Not that Oda's death is an inevitability at this moment, although it is highly likely. Of the three authors, often grouped together as buraiha or decadent in the worst sense of the word, Oda died first, and Dazai openly blamed the harsh criticism he received from the literary establishment as a factor in Oda's death. If Gide is in fact responsible for Oda's passing in the show, that would be a nod to Dazai's real-life accusations: you don't get much more “literary establishment” than the Nobel Prize.

It looks as if we are going to get a third episode to wrap up this storyline, something I am no longer upset about. While episode thirteen last week functioned to primarily set up Ango as a traitor, an interesting plot piece in itself given that now he appears to be a double-agent and potentially double-traitor, episode fourteen picks up the pieces scattered around and starts to put them together. Dazai's cheeriness becomes unhinged when he faces Akutagawa, and together all three buraiha appear to speak for the dead – by taking care of their children, by finding out who they were from the belongings in their pockets, and by trying to make sure that perhaps they aren't dead in the first place.
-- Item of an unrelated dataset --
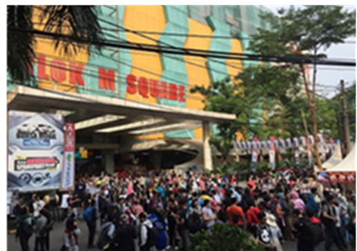
【縁日祭の様子 (ブロックM)】

Dazai also is less suicidal thus far, with only a few mentions in episode thirteen, so we can wonder if the breakup of the buraiha is somehow instrumental in his death wish – if you recall, it was real-life Akutagawa's death that sparked Dazai's many suicide attempts, so this would be an interesting and fitting fictional equivalent. Regardless, this “prequel” to the rest of the series is more than earning its keep with episode fourteen. Its air of inevitable tragedy fuels the action – and makes me think of André Gide's works. I cannot think that is a coincidence.

Rating: B+

Bungo Stray Dogs 2 is currently streaming on Crunchyroll.